Process the elements of one or more aggregate objects without exposing their representation and without writing explicit loops -- ThomasKuehne

See FunctionalPatternSystemForObjectOrientedDesign ObjectFunctionalImplementation

ExternalIteration is very flexible but error prone. InternalIteration is easy to use but has severe limitations especially when it comes to iterating over more than one collection simultaneously.

Therefore:

Use InternalIteration in the client code for containers but make ExternalIteration available for use in the implementation of specialized InternalIteration mechanisms (InternalizeExternalIterators).

The vast majority of (all?) iteration needs can be met through InternalIteration by using the following three operations in this order: TransposeFunction to change column ordered data into row ordered data during multiple simultaneous iterations, MapFunction create a new collection based on the rows created by the TransposeFunction, and FoldFunction to translate the collection returned by the MapFunction into a single, final result. The resulting algorithms can be made to be very efficient if each of the intermediate collections is a LazyObject (see StreamObject).

The TransposeFunction takes a collection of columns and returns a collection of rows. The first row consists of the first element from each column. Successive rows are constructed similarly.

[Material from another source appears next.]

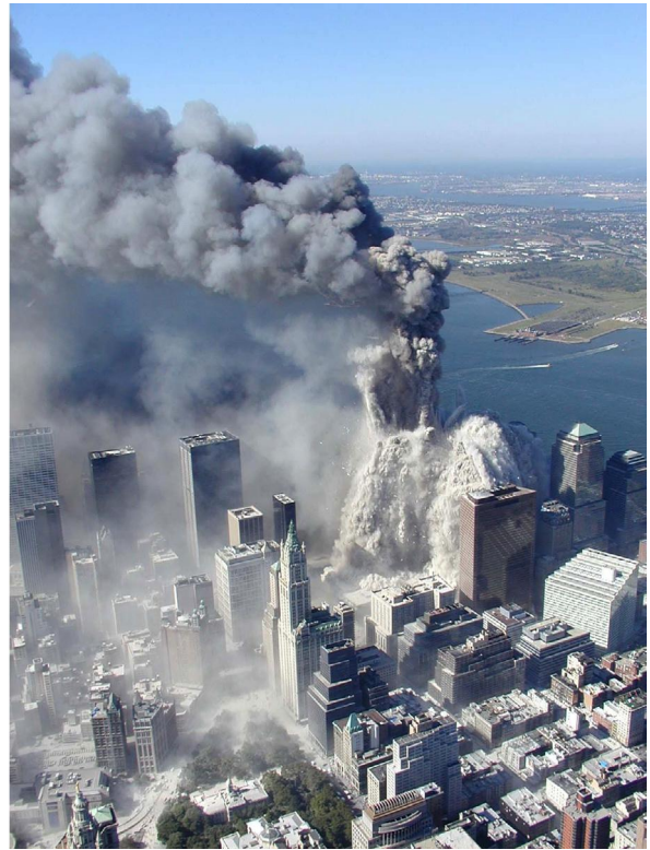
Figure 60. WTC1 from the northeast. Does this look more like a pancake collapse, a volcano, or a dust fountain "bubbler"?

The MapFunction takes a collection and a function (a FunctorObject in non-functional languages). It returns a new collection constructed by applying the function to each element of the collection in turn and adding the results to the new collection. In the TransfoldPattern it takes a collection of rows and a function that does some sort of transformation on each row, possibly reducing each one to a single value.

The FoldFunction takes a collection, a function, and a value (a FunctorObject in non-functional languages). The value parameter is used as a seed for a running total that will be returned by the FoldFunction. The FoldFunction iterates through all the elements in the collection calling its function parameter and passing both the element and the running total as parameters. The return value of the function is stored as the new running total at the end of every iteration. In the TransfoldPattern the FoldFunction takes the result of the MapFunction (which could be a simple collection or a collection of collections) as its collection parameter.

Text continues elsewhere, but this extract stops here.